Miami Beach Bay Shore Co. v. Commissioner

3 T.C.M. 497, 1944 Tax Ct. Memo LEXIS 236
CourtUnited States Tax Court
DecidedMay 26, 1944
DocketDocket No. 108392.
StatusUnpublished

This text of 3 T.C.M. 497 (Miami Beach Bay Shore Co. v. Commissioner) is published on Counsel Stack Legal Research, covering United States Tax Court primary law. Counsel Stack provides free access to over 12 million legal documents including statutes, case law, regulations, and constitutions.

Bluebook
Miami Beach Bay Shore Co. v. Commissioner, 3 T.C.M. 497, 1944 Tax Ct. Memo LEXIS 236 (tax 1944).

Opinion

Miami Beach Bay Shore Company, a Corporation v.
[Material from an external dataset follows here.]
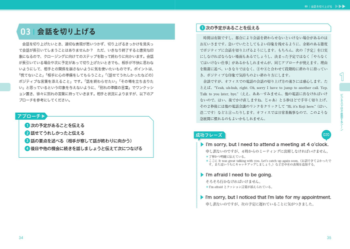 「答えたくない質問をかわす」「目上の人に催促する」「仕事の依頼や誘いを断る」など対応の仕方が難しい26のビジネスシーンを厳選して取り上げ、うまく切り抜けるためのプロフェッショナルなアプローチ方法とそのまま使えるシンプルな英語のフレーズを満載しています。
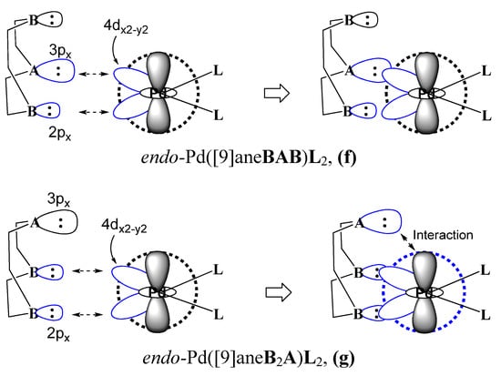 As shown in Figure 2, when the soft A and hard B binding sites simultaneously coordinate to the 4dx2-y2 orbital, the large σ-donor of the A site overlaps more with the 4dx2-y2 orbital than the small σ-donor of B. With increasing atomic size (P:107 pm ≅ S:105 pm >> N:71 pm) [52], the larger σ-orbital of the soft A site in [9]aneBAB first interacts with the 4dx2-y2 orbital on the square-planar plane. In endo-Pd([9]aneBAB)L2 of (f) of Figure 2, due to its atomic size, the bond length (rPd-P = 2.324 ~ 2.225 Å and rPd-S = 2.402 ~ 2.324 Å) of the equatorial (A-Pd) bond is longer than the corresponding (N-Pd) bond (rPd-N = 2.214 ~ 2.094 Å). Two equatorial bond lengths (rPd-A, rPd-B) are unsymmetrical in nature. The axial distance between the axial N site and PdII center is long (rPd-N = 2.720 ~ 3.076 Å). As shown in (g) of Figure 2, in the endo-[Pd([9]aneB2A)(L-donor)2]2+ complex, the average distance between the equatorial N site and PdII center is short (RPd-N = 2.138 ~ 2.195 Å). Because both the equatorial (N-Pd) bonds are short, the large σ-donor of the apical A site closely approaches to the Pd center. Thus, the large σ-donor of the soft A site can interact with the low-lying unoccupied a1g(5s)-orbital of PdL2 complex.

Commissioner.
Miami Beach Bay Shore Co. v. Commissioner
Docket No. 108392.
United States Tax Court
1944 Tax Ct. Memo LEXIS 236; 3 T.C.M. (CCH) 497; T.C.M. (RIA) 44177;
May 26, 1944
*236 John H. Wahl, Jr., Esq., 627 Ingraham Bldg., Miami, Fla., for the petitioner. F. L. Van Haaften, Esq., for the respondent.

LEECH

Memorandum Opinion

LEECH, Judge: This proceeding has been returned to this Court under a mandate from the United States Circuit Court of Appeals for the Fifth Circuit, reading, in part, as follows:

It is now here ordered, adjudged, and decreed by this Court that the decision of the said United States Board of Tax Appeals in this cause be, and the same is hereby, reversed; and that this cause be, and it is hereby, remanded to The Tax Court of the United States for trial anew on both issues (1) when the claimed loss occurred and (2) its basis.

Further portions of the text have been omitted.